Naming is hard! Miss Take just popped into my head, but really nothing else, and I'm going to have two little ones to name in about three weeks...and I've been thinking about it and I have no clue so far...lol

Good luck with your search for the perfect name uldaman!

Emy


----------



## ratluver25 (Jun 22, 2007)

cinnamon because she tan and looks so sweet. and for other sugar 




cinnamon and sugar always go together


----------



## Lestette (Jun 16, 2007)

I have a girl that looks exactly like that... I named her Claudia...
Yours looks more like a Mocha... or Cocoa


----------



## Beatle4 (Jun 10, 2007)

Sorry to be critical but Honey, Cinnamon and Mocha are very generic. This precious little girl needs a very special name. I don't find anything wrong with giving a female rat a masculine name. My girl's name is Splinter and that's the Ninja turtle rat's name ans the name "Splinter" was a gut feeling.

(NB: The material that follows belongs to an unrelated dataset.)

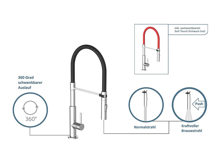 1 x Küchenarmatur STILO mit Geschirrbrause , 2 x flexible Anschlussschläuche 50 cm, Schnellmontageset, Montageanleitung
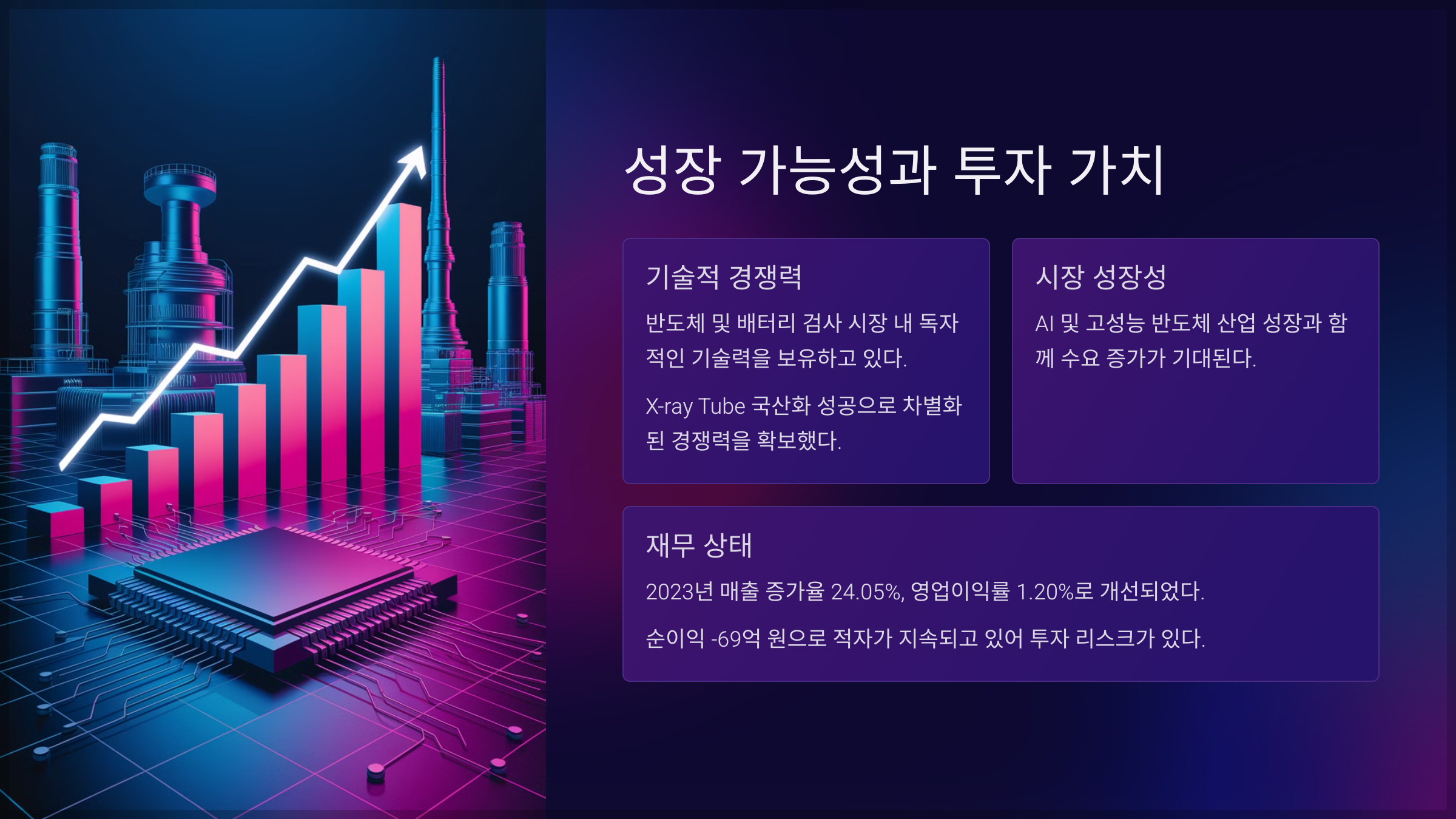 국내에서 X-ray 검사장비를 자체 생산하는 몇 안 되는 기업 중 하나로, 반도체·배터리·방산 산업에서 중요한 역할을 하고 있다.

Ethnic names can be very interesting and special type in words on translation websites like this one: http://ets.freetranslation.com/

I typed out "Rodent" and translated it to German and it came out as "Nagetier" Special was "Besonder" I tried Splanish and "Diminuto" means tiny. It's amazing what this thing come come up with.


----------



## Fuzzie (Apr 25, 2007)

lola? lol I love that song but the gender misconception is reversed, oh well.


----------



## Pomperella (Jun 4, 2007)

Jasmina is my name of choice today!


----------



## sonoma (May 26, 2007)

Bella- Italian for 'beautiful.'


----------



## mink (Jun 24, 2007)

Nezumi - means rat in japanese, recently I have visited a couple japanese baby name sites. 

I got Mika, which means having to do with the night sky, stars, and I think a name for the milky way.. I picked that cuz my Mika is black with white down her chest and belly.

And I recently named Kane, which means a few things like Tribute, warrior, and beautiful. I picked that because when I saw Kane all I could think was "Shes beautiful" and she also reminded me of my first rat Raziel so tribute kinda fits, and I want her to be strong like a warrior. 

Maya, Spike, Naru, Yuki, and Maxine were named after anime characters that their personalities reminded me of. 

Ruben was cuz he had ruby eyes
and Raziel was after that game Soul Reaver.. yea that long ago.. cuz I just fell in love with that name and he had white on the neck of his hood like the character's cape. 


My advice would be to think of something you really like, like candy or a game or something. My friend has cats named Onyxia and Rexxar, even.

I really wanted Ice cream for like a week when I won a goldfish at the fair.. so I now have an orange and white fish named Sherbert lol.


----------



## mink (Jun 24, 2007)

Maybe Onyxia or Lady Sylvanis? lol


----------